Eis por que minha alma de luto está dilacerada pelo medo. "Oah! sobre o exército persa! Será, por ventura, esta a notícia que vai receber a cidade, a grande cidade de Susa, esvaziada de seus varões? E será que a cidadela de Quíssia ecoará Oah! Será este o lamento de uma multidão de mulheres, que rasgarão seus peplos de linho?
(...)
Corifeu - Vamos, todavia, persas. Sentemo-nos sob este pórtico antigo e reflitamos com prudência e profundamente, pois a isto nos constrange a necessidade. Qual o destino do rei Xerxes, filho de Dario, descendente daquele que emprestou seu nome à nossa raça? Terá vencido o dardo arremessado ou será que prevaleceu a lança de ponta de ferro?
(...)
Rainha - (...)Também a mim a angústia dilacera o coração e é a vós, amigos, que desejo falar neste momento, pois estou angustiada. Temo que nossa riqueza, grande em demasia, derrube com seu pé e reduza a cinzas o edifício de felicidade erguido por Dario, não sem o auxílio de algum deus. Um sofrimento inexprimível atormenta meu espírito apoiado num perigo duplo: tesouros imensos sem um homem que os defenda não conseguem da multidão nem o respeito nem a admiração e um homem sem riquezas não brilha como mereceria por seu valor. Se nossos tesouros, todavia, estão intactos, temo por nossos olhos, porque, segundo penso, o olho de uma casa é a presença de seu senhor. Assim sendo, face a tal situação, aconselhai-me persas, veneráveis Fiéis, pois é de vós que espero todos os sábios pareceres.
(...)
Rainha - Há coisas, amigos, que eu gostaria de saber. Onde dizem que fica Atenas?
Corifeu - Bem longe, no poente, onde se recolhe o rei Hélio.
Rainha - E meu filho desejava conquistar aquela cidade?
Corifeu - Sim, pois a Hélade inteira obedeceria ao Rei.
Rainha - Possuem eles então um exército numeroso?
Corifeu - Possuem, e um exército que causou muitos danos aos persas.
(...)
Rainha - E que chefe dirige e lhes comanda o exército?
Corifeu - Eles não são escravos nem súditos de ninguém!
Rainha - Como, neste caso, poderiam resitir a uma invasão inimiga?
Corifeu - Tão bem que destruíram o magnífico e numeroso exército de Dario.
Rainha - O que dizes angustia terrivelmente as mães dos que partiram.
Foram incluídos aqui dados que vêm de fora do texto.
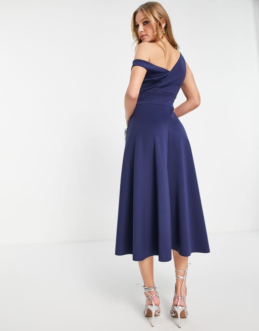 ASOS WEDDING Scuba Off The Shoulder Midi Prom Dress

Corifeu - Segundo me parece, em breve saberás a verdade por inteiro: vejo um homem em cuja corrida se reconhece um persa. Ele nos traz boa ou funesta uma notícia exata.

Mensageiro - Ó cidadãos da Ásia inteira, ó terra da Pérsia, sede de imensas riquezas, com um só golpe se destruiu uma incomparável felicidade, a flor da Pérsia tombou aniquilada!
Coro - Terríveis, terríveis novidades, sofrimento cruel. Ai! Ai! Chorai, persas, ouvindo esta desgraça.
Mensageiro - Desapareceram todos os que partiram e eu próprio, contra toda esperança, revejo a luz do retorno.
Coro - Mostrou-se, hoje, longa em demasia a existência para nós anciãos, coagidos a ouvir tamanha desdita.
Mensageiro - E é como testemunha e não repetindo palavras alheias que vos relatarei, ó persas, as desgraças que nos esperam.
(...)
Mensageiro - Um monte de cadáveres de nosso infortunados mortos cobrem as praias de Salamina e todos os seus arredores.
(...)
Mensageiro - Salamina, de todos os nomes o mais odioso de se ouvir! Ai! Provoca-me soluços a lembrança de Atenas.